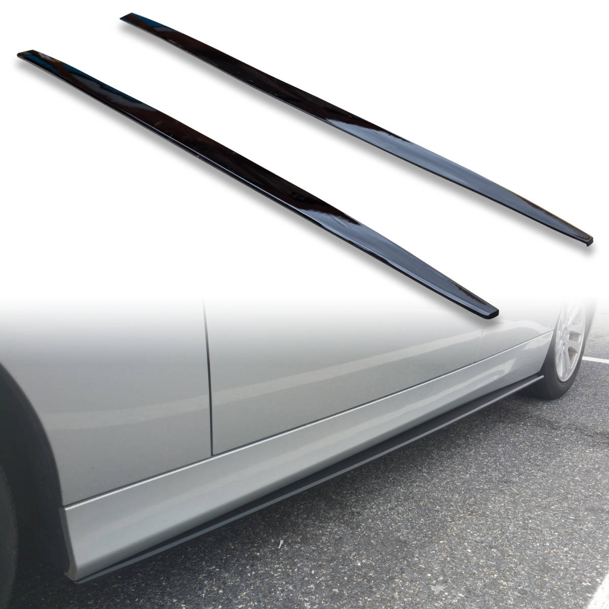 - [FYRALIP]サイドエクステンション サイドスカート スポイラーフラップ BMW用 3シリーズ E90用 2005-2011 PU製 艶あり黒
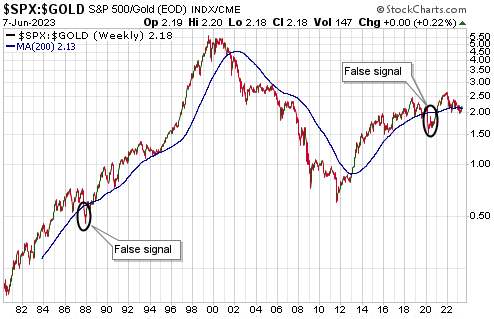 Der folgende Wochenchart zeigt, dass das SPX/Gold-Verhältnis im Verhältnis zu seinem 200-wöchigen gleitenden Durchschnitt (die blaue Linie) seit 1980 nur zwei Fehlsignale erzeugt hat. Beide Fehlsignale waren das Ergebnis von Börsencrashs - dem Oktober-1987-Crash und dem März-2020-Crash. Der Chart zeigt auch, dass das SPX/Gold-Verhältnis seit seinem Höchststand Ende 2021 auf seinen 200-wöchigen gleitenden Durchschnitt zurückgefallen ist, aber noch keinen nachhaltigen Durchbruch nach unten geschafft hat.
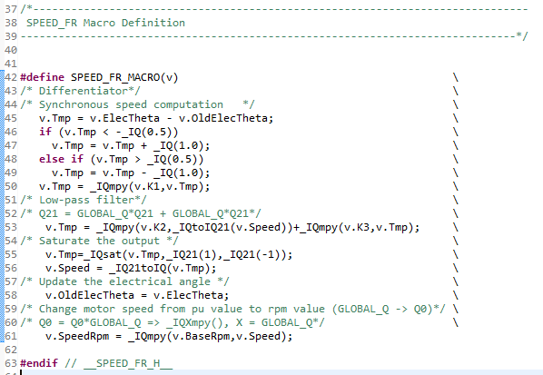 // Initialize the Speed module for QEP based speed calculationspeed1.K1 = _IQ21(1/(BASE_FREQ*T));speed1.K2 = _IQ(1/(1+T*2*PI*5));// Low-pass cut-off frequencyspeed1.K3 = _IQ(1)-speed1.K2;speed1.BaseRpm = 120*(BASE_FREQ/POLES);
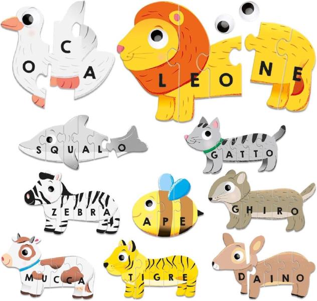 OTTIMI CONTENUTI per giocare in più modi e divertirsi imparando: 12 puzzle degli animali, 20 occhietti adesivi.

^^^^^^^^^^^^^^^^

Task objective ::
Copy the lines above exactly and exclude every image.

Solution ::
 - [FYRALIP]サイドエクステンション サイドスカート スポイラーフラップ BMW用 3シリーズ E90用 2005-2011 PU製 艶あり黒
 Der folgende Wochenchart zeigt, dass das SPX/Gold-Verhältnis im Verhältnis zu seinem 200-wöchigen gleitenden Durchschnitt (die blaue Linie) seit 1980 nur zwei Fehlsignale erzeugt hat. Beide Fehlsignale waren das Ergebnis von Börsencrashs - dem Oktober-1987-Crash und dem März-2020-Crash. Der Chart zeigt auch, dass das SPX/Gold-Verhältnis seit seinem Höchststand Ende 2021 auf seinen 200-wöchigen gleitenden Durchschnitt zurückgefallen ist, aber noch keinen nachhaltigen Durchbruch nach unten geschafft hat.
 // Initialize the Speed module for QEP based speed calculationspeed1.K1 = _IQ21(1/(BASE_FREQ*T));speed1.K2 = _IQ(1/(1+T*2*PI*5));// Low-pass cut-off frequencyspeed1.K3 = _IQ(1)-speed1.K2;speed1.BaseRpm = 120*(BASE_FREQ/POLES);
 OTTIMI CONTENUTI per giocare in più modi e divertirsi imparando: 12 puzzle degli animali, 20 occhietti adesivi.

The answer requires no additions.